**TASK PROMPT**
Retype word for word the line containing "BrownBerry Chicago Style" and each line that follows it in the records below, through the last one, with no pictures.

Collection entries:
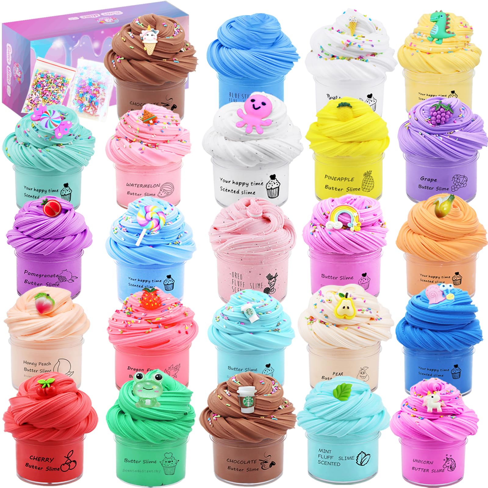 - Package includes - 24 pack multi colored butter slimes and charms.
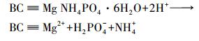 針對生物質炭對氮、磷的吸附機制早有研究, Mukherjee等(2013)指出, 生物質炭吸附磷酸鹽的機理是PO43-可以與生物質炭中的某些金屬陽離子通過靜電吸附或配體鍵合作用鍵合;而NH3-N的吸附則機制包括NH4+通過離子交換作用與生物炭表面的陽離子交換(Mukherjee et al., 2013)和物理吸附(如NH3-N在生物質炭空隙內部的嵌合)(Jansen et al., 1994).本文對生物質炭進行鎂改性后, 氮磷混合溶液中會發生如下反應:
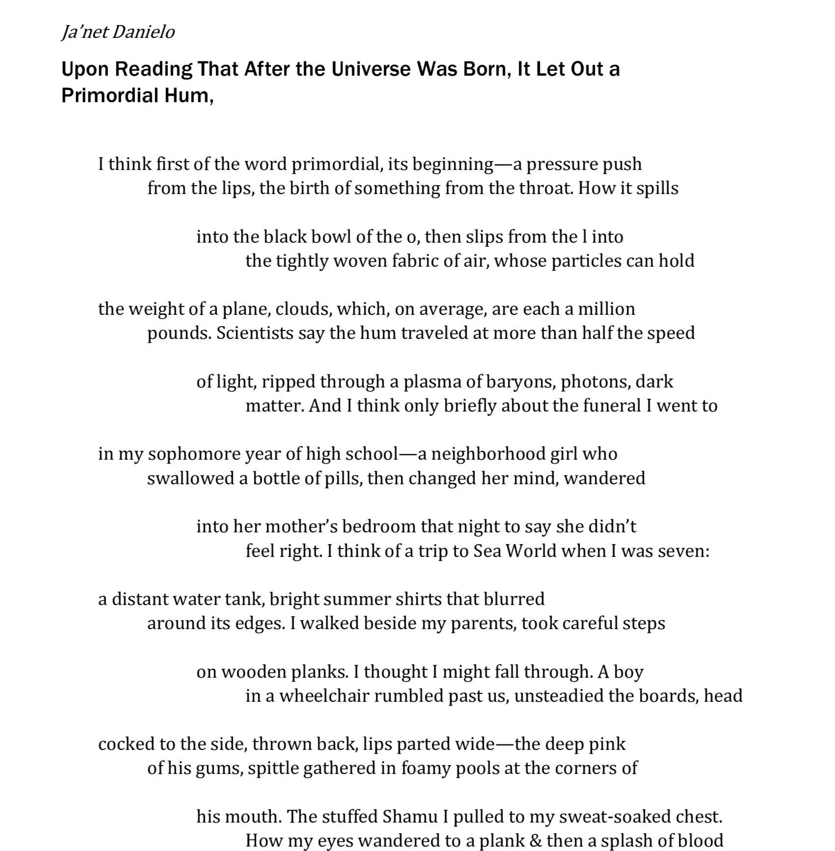 Ja’net Danielo’s prize-winning poem, “Upon Reading That After the Universe Was Born, It Let Out a Primordial Hum,” opens with a meditation on the phonetic suggestiveness of the word primordial. The poem expands like its own universe, landing on funereal and difficult memories, cutting them with pop culture references like Snafu the Orca and Johnie Walker Black, juxtaposing living and dying with the presence of the hum—alive, still, in Einstein’s space as time. The choice of indented couplets for the form of this poem gestures to the architected platforms skillfully woven throughout this piece, that move and shift with the proximity of death. Time captured in Danielo’s piece matter; they are never lost in the cosmic gravity of her poem.
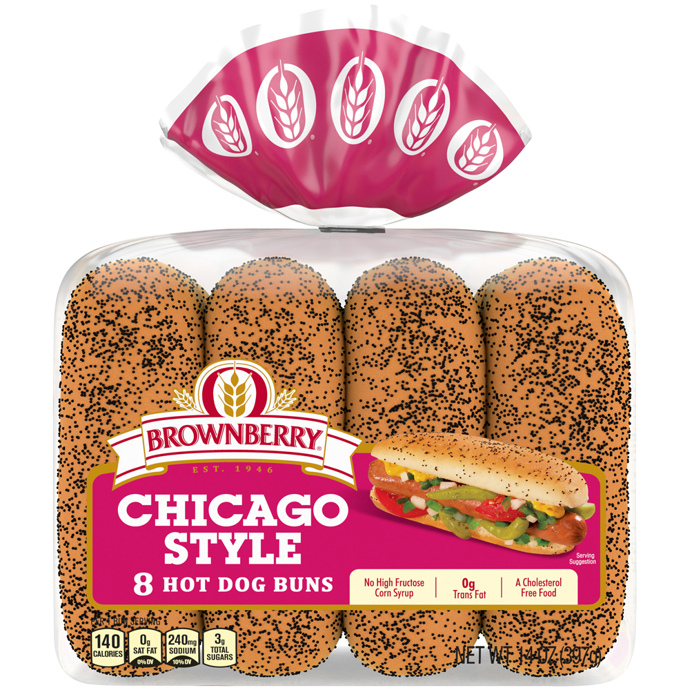 BrownBerry Chicago Style Hot Dog Buns 14 Oz "Per One Bun: 140 Calories, 2g Total Fat, 0mg Cholesterol, 240mg Sodium, 25g Total Carb, 4g Protein" ![]() |
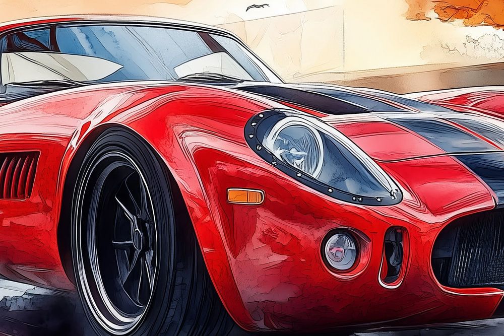 Ein roter Sportwagen im Stil einer Aqauarell-Illustration.

**WORKED SOLUTION**
 BrownBerry Chicago Style Hot Dog Buns 14 Oz "Per One Bun: 140 Calories, 2g Total Fat, 0mg Cholesterol, 240mg Sodium, 25g Total Carb, 4g Protein" ![]() |
 Ein roter Sportwagen im Stil einer Aqauarell-Illustration.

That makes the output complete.